Home AffairesL’opération Trump au Venezuela permet désormais à Telefónica d’acquérir plus facilement Vodafone Espagne

L’opération Trump au Venezuela permet désormais à Telefónica d’acquérir plus facilement Vodafone Espagne

by Amélie Bernard

Publié le 10 janvier 2026 13:23:00. L’arrestation de Nicolás Maduro aux États-Unis a créé une onde de choc économique, notamment pour les entreprises espagnoles investies au Venezuela, et relance les perspectives de consolidation dans le secteur des télécommunications en Europe.

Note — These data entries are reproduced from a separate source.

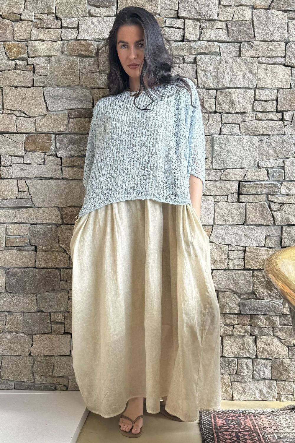 Introducing the epitome of summer chic: the Laundry B Cloud Loose Box Knit in a powder blue tone. This season, elevate your style with a harmonious blend of comfort and sophistication. Made from the softest, breathable materials, this cloud-like knit is designed to effortlessly drape over your frame, embracing you in a gentle embrace of luxury.
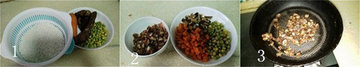 主料:大米300克,川味腊肠1小根,豌豆适量,胡萝卜拌根,泡发香菇几朵,香葱碎适量
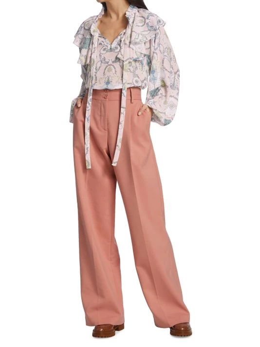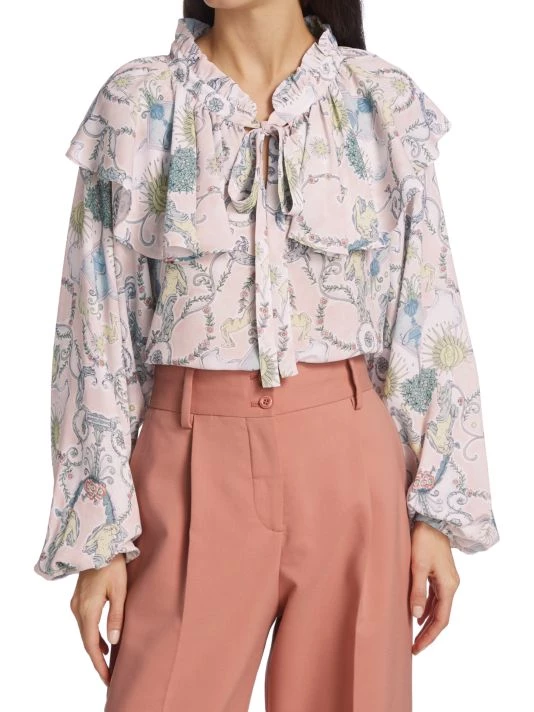 - Ruffled stand collar with self-tie

  • L’opération de vente de la filiale vénézuélienne de Telefónica, initialement précipitée, est désormais ralentie en raison des incertitudes persistantes.
  • Le rachat de Vodafone Espagne par Telefónica, qui avait gagné en plausibilité, se heurte désormais à un vent contraire.
  • Telefónica ambitionne de se désengager de plusieurs pays d’Amérique latine, dont le Venezuela, mais l’incertitude politique actuelle freine les projets de désinvestissement.

L’arrestation de Nicolás Maduro le 3 janvier aux États-Unis a des répercussions qui dépassent le cadre politique. Les entreprises espagnoles, notamment celles ayant des intérêts au Venezuela comme Repsol, Mapfre et Telefónica, observent de près l’évolution de la situation et anticipent des changements majeurs. Si le pays sud-américain est désormais sous une forme de protectorat gouvernemental américain, certaines opportunités se dessinent, tandis que d’autres sont remises en question.

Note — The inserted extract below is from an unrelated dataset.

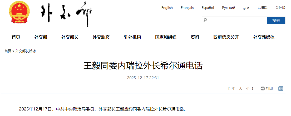圖源:中國外交部網站截圖 據中國外交部當晚消息,通話中,希爾通報了當前委國內形勢,強調委政府和人民將堅定捍衛國家的主權和獨立,堅定維護自身的合法權利,不會接受任何強權霸凌的威脅。 王毅表示,中國和委內瑞拉是戰略夥伴,相互信任、相互支持是中委關係的傳統。 近期,美國以“緝毒”為由,在委附近加勒比海域部署多艘軍艦,對委施壓。美國總統特朗普11月底威脅可能“很快”通過陸路打擊委“毒販”。 12月10日,特朗普在白宮對媒體說,美軍在委附近海域扣押了一艘油輪,是“迄今扣押的最大一艘”。委外長希爾當天通過社交媒體發布政府公報,譴責美軍在委附近海域扣押油輪。公報說,美長期侵略委的真正理由已經顯現,美方一直企圖佔有委包括石油在內的自然資源。 另外,隨著近期美國的軍事和政治施壓加劇,多家國際航空公司近日陸續暫停往返委航線。(完) 【編輯:彭玉婷】

Concrètement, la vente de la filiale vénézuélienne de Telefónica, qui semblait s’accélérer, est désormais freinée par les incertitudes à court terme. Les experts soulignent qu’il est prématuré de précipiter une décision dans un contexte aussi mouvant. Cependant, cette situation crée un nouveau contexte pour Telefónica, qui cherche à se concentrer sur le marché européen.

Le rachat de Vodafone Espagne, dont l’acquisition par le fonds britannique Zegona était en discussion, se complique. L’opération, qui s’inscrivait dans une stratégie de consolidation européenne du secteur des télécommunications, se heurte désormais à des obstacles. Selon des sources financières britanniques, la société présidée par Marc Murtra maintient son objectif de consolider le secteur européen des télécoms, une vision partagée par la PDG d’Orange, Christel Heidemann, et qui implique de réduire le nombre d’opérateurs par pays pour favoriser l’émergence de champions nationaux.

Pour Telefónica, l’acquisition de Vodafone Espagne, aux mains de Zegona, représente une alternative stratégique. Des intermédiaires financiers britanniques familiers avec les négociations expliquent que cette option est devenue plus réaliste il y a quelques jours, avant l’arrestation de Maduro.

Les sources indiquent que l’incapacité de Telefónica à se retirer du Venezuela jusqu’à présent était due à l’influence de l’ancien président espagnol José Luis Rodríguez-Zapatero, en plus des difficultés inhérentes à l’activité dans un pays gouverné par Maduro. Avec le nouveau régime imposé par les États-Unis, les négociations pourraient être relancées, mais rien n’est encore certain.

Marc Murtra a clairement indiqué, lors de la présentation du plan stratégique en novembre dernier, que la vente de l’ensemble de ses actifs en Amérique latine, à l’exception du Brésil, était une priorité. Cette région, qu’ils appellent “Hispam”, représente un potentiel de désinvestissement important.

Telefónica envisage de se séparer de ses filiales au Mexique, au Chili et au Venezuela. Le processus de désinvestissement avait été initié sous la présidence de José María Álvarez-Pallete et Marc Murtra compte le mener à bien. La vente des actifs au Mexique et au Chili ne devrait pas poser de problème majeur, mais la situation au Venezuela était, jusqu’à récemment, bloquée au niveau administratif.

Le Venezuela, bien que représentant 212 millions d’euros de bénéfices en 2024, était considéré comme un fardeau en raison de la corruption et de la crise économique. L’accord du régime chaviste était indispensable pour toute transaction.

L’arrestation de Maduro et la prise de contrôle du pays par les États-Unis pourraient faciliter le désinvestissement de Telefónica, mais à court terme, tout est suspendu. L’incertitude quant à l’avenir du pays et à sa situation économique freine les projets de vente. Cependant, si un nouveau régime améliore la situation économique, la valeur de Telefónica Venezuela pourrait augmenter considérablement.

Présente au Venezuela depuis 2004, suite à l’acquisition des actifs de Bell South, Telefónica a connu une transformation radicale, passant d’une source de revenus importante à un coût significatif en raison de la détérioration de la situation économique et politique.